Copy out precisely the lines from the start of the data through the line with "7月24日,引自黃河的凌水讓", and keep pictures out of it.

* _The data_
******************************
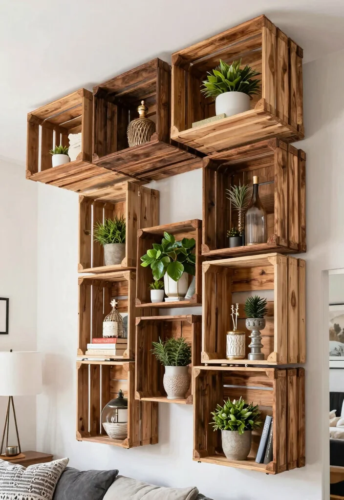 – Use crates to display decorative items or books creatively.
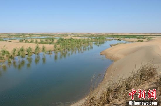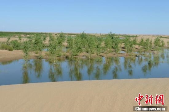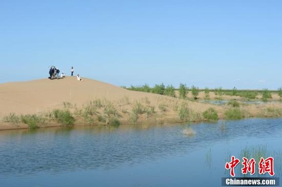 7月24日,引自黃河的凌水讓沙漠上充滿生機(jī)。據(jù)悉,中國(guó)第七大沙漠--庫(kù)布齊沙漠所處的杭錦旗境內(nèi),每年過(guò)境水量310億立方米,當(dāng)?shù)匾荒耆忠坏臅r(shí)間都是凌汛期。政府因地制宜,2016年投資建成分凌引水渠、生態(tài)圍堤等設(shè)施,自2016年至2018年黃河凌汛期以來(lái),累計(jì)分凌5千余萬(wàn)立方米,形成約36平方公里保護(hù)濕地的面積,原來(lái)為沙漠的地貌逐漸變成綠洲,農(nóng)牧民開始發(fā)展野牛養(yǎng)殖與農(nóng)家樂(lè)旅游業(yè)。中新社記者劉文華攝
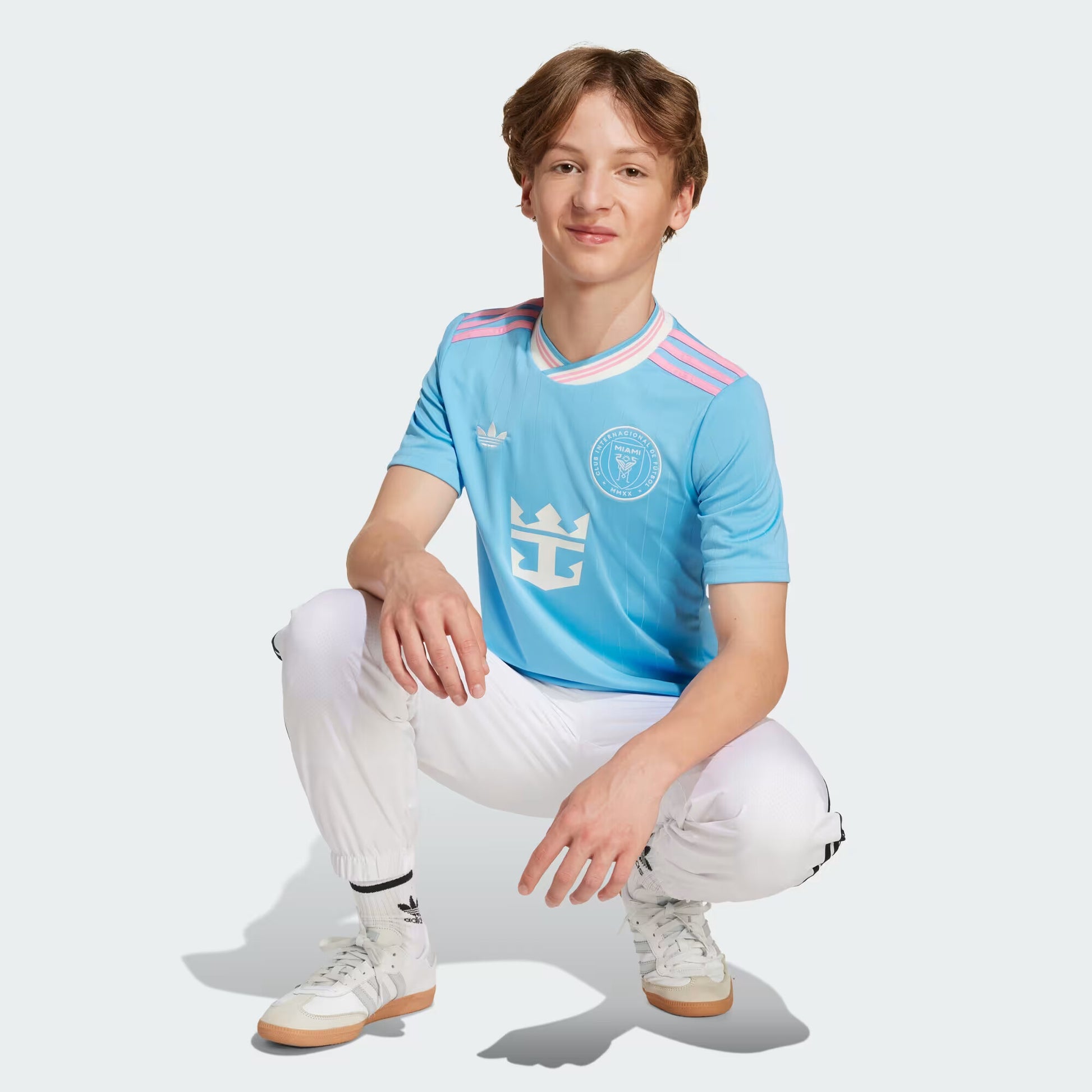 The vibrant spirit of Miami and the beauty of its world-famous coastline meet in this juniors' Inter Miami CF jersey. Broken only by waves of subtle pinstripes and pops of pink, the ocean-blue colors of this third shirt bring a calming elegance. Sewn onto the soft fabric, a club badge and adidas Trefoil add extra appeal. Moisture-managing AEROREADY ensures it feels pretty special too.
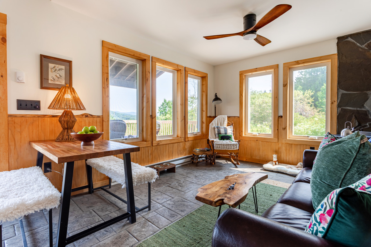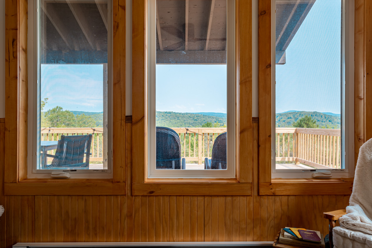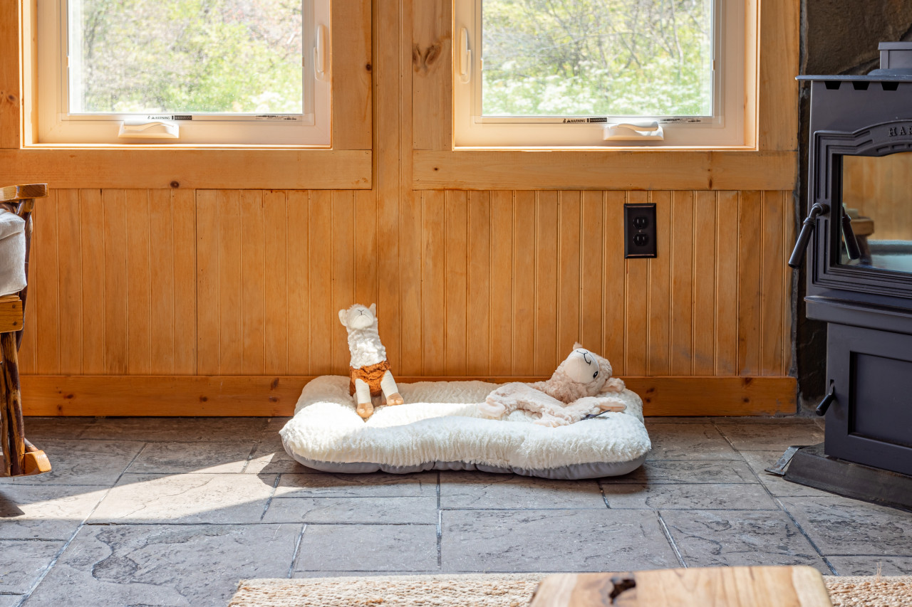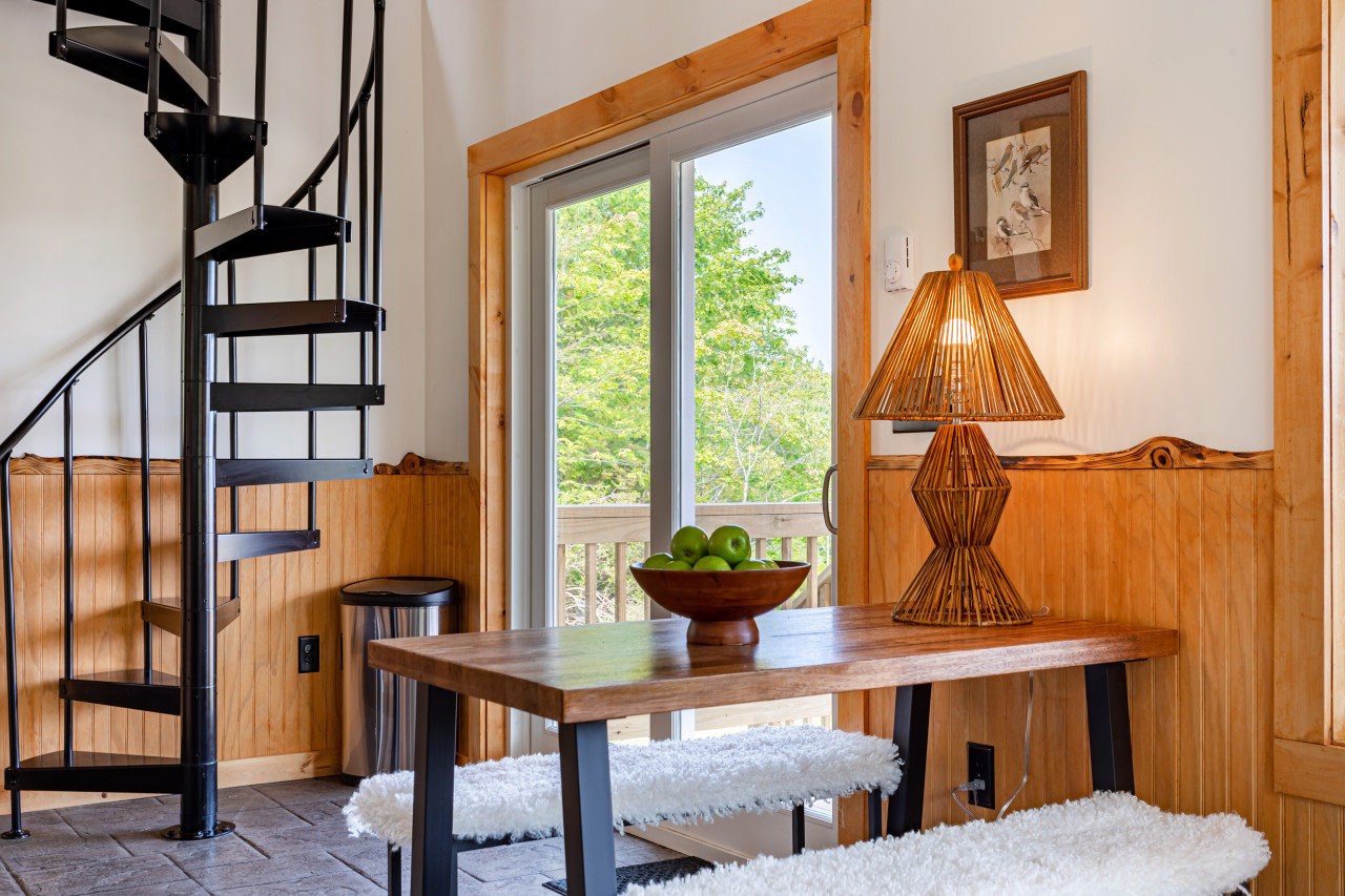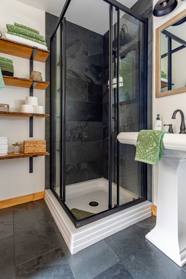 Inside you will find cozy interiors. The main level has a great kitchen with all the appliances you would need (fridge, stove, dishwasher, toaster oven). The coffee set up is excellent and there’s even a pantry and a compact European steam washer/ dryer. The living area has forever views, a comfy leather sofa, rocking chair, and an easy to use pellet wood stove. The bathroom has a gorgeous slate shower and plenty of room for storage.
******************************
* _Task solution_
 – Use crates to display decorative items or books creatively.
 7月24日,引自黃河的凌水讓沙漠上充滿生機(jī)。據(jù)悉,中國(guó)第七大沙漠--庫(kù)布齊沙漠所處的杭錦旗境內(nèi),每年過(guò)境水量310億立方米,當(dāng)?shù)匾荒耆忠坏臅r(shí)間都是凌汛期。政府因地制宜,2016年投資建成分凌引水渠、生態(tài)圍堤等設(shè)施,自2016年至2018年黃河凌汛期以來(lái),累計(jì)分凌5千余萬(wàn)立方米,形成約36平方公里保護(hù)濕地的面積,原來(lái)為沙漠的地貌逐漸變成綠洲,農(nóng)牧民開始發(fā)展野牛養(yǎng)殖與農(nóng)家樂(lè)旅游業(yè)。中新社記者劉文華攝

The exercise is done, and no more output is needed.